Wednesday, February 25, 2015

Sigma Sound Studios

The Sound of Philadelphia is coming down to make way for Carl Dranoff's towering SLS International Hotel and Residences on South Broad Street. Philadelphia International Records was definitely a Philadelphia institutions, and an American one. But uptown in a forgotten pocket of Center City, perhaps the last pocket to be terraformed by new condos and hotels, Sigma Sound Studios is also no-more. 

BizJournals has the skinny.

The small building that gave us Macho Man and Disco Inferno, the latter a song that never seems to end, has been sold and will be converted into apartments. It isn't clear yet whether the building will simply be renovated, grow, or like the Sound of Philadelphia, demolished for something larger. Sigma Sound Studios isn't a huge building, and in an emerging neighborhood literally steps from City Hall, its redevelopment would likely profit from additional space.
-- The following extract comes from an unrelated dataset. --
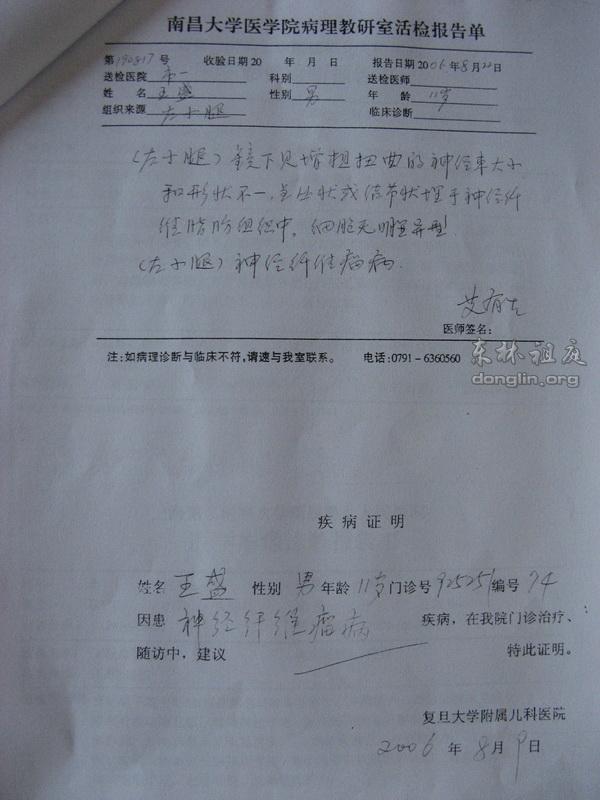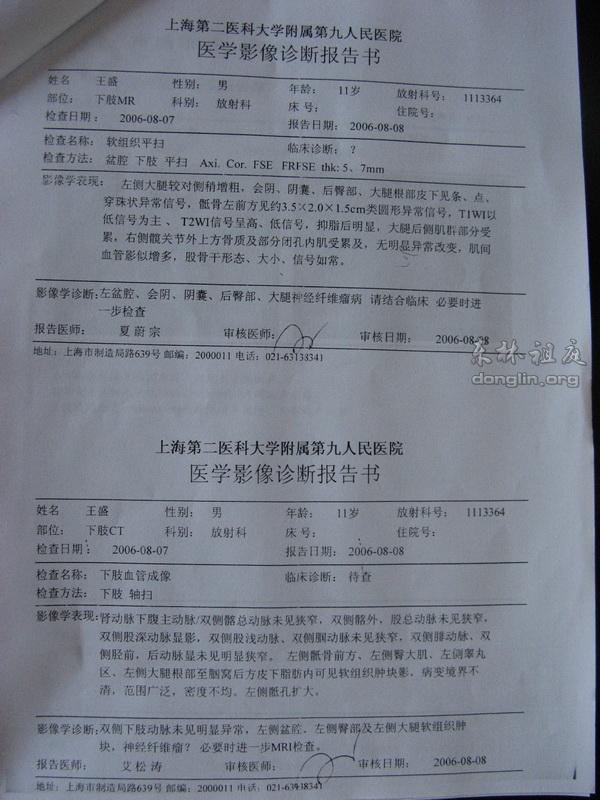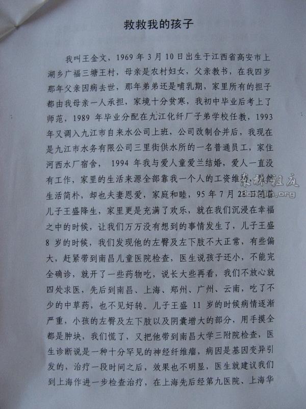 小孩叫王盛,今年13岁,在九江市六中读初二。据他的父亲王金文说在王盛8岁那年,突然发现他长有“肉疙瘩”,更让人不可思议的是“肉疙瘩”布满了左盆腔、会阴、阴囊、后臀部、大腿,摸上去软软的,像一串串的葡萄,粗略估算有数百个。医生说,在身体某些部位长一两个大纤维瘤的见的很少,可像这样永存在全身数百个纤维瘤的就非常罕见了,发病率在2500万—3000万分之一。王盛的母亲童女士说到儿子的病情,哽咽了:“儿子生下来时,只看见他后臀部有块黑斑,以为是胎记。8岁以后,他总说腿痛,身上的斑也越长越大,这才引起了我的重视,我带他到南昌、上海等大医院检查,医生诊断为多发性神经纤维瘤。”在王盛11岁时,他腿部和脚底处长的纤维瘤已做了两次切除手术,医生说他阴囊处的纤维瘤要等他长大点再做手术。

This neighborhood - the place I've called home for almost eight years - is a unique one. It's long-gone warehouses once housed films from studios like Warner Brothers and MGM throughout the 30s, 40s, and 50s. But throughout much of the 20th Century, it was also a notorious red light district. Rumor has it, in the early 20th Century, sailors docked on Delaware Avenue were forbidden from walking the streets of what was often called the Furnished Room District, so named for its abundance of flop houses, brothels, and drug dens. 

As late as the early 2000s, XXX book stores occupied Arch Street and loosely named "massage parlors" still play a part in what's left of a neighborhood clinging to its seedy past. Likely because of its history, the district bound by Broad, 11th, Market, and Vine was targeted for reconstruction in the 70s, 80s, and 90s. Unfortunately its history - the good, the weird, and the untoward - has been scraped from the historical narrative of Philadelphia with very little record. 

While I'll miss my cheap rent and a garden a stone's throw from City Hall, it will be exciting to see how the neighborhood evolves and how its unique inhabitants choose to remember it. Wedged between the Convention Center and the growing Loft District, change was inevitable. Hopefully it won't soullessly embrace the convention center but also retain a little bit of its heart, however jaded. Things in Philadelphia tend to do just that.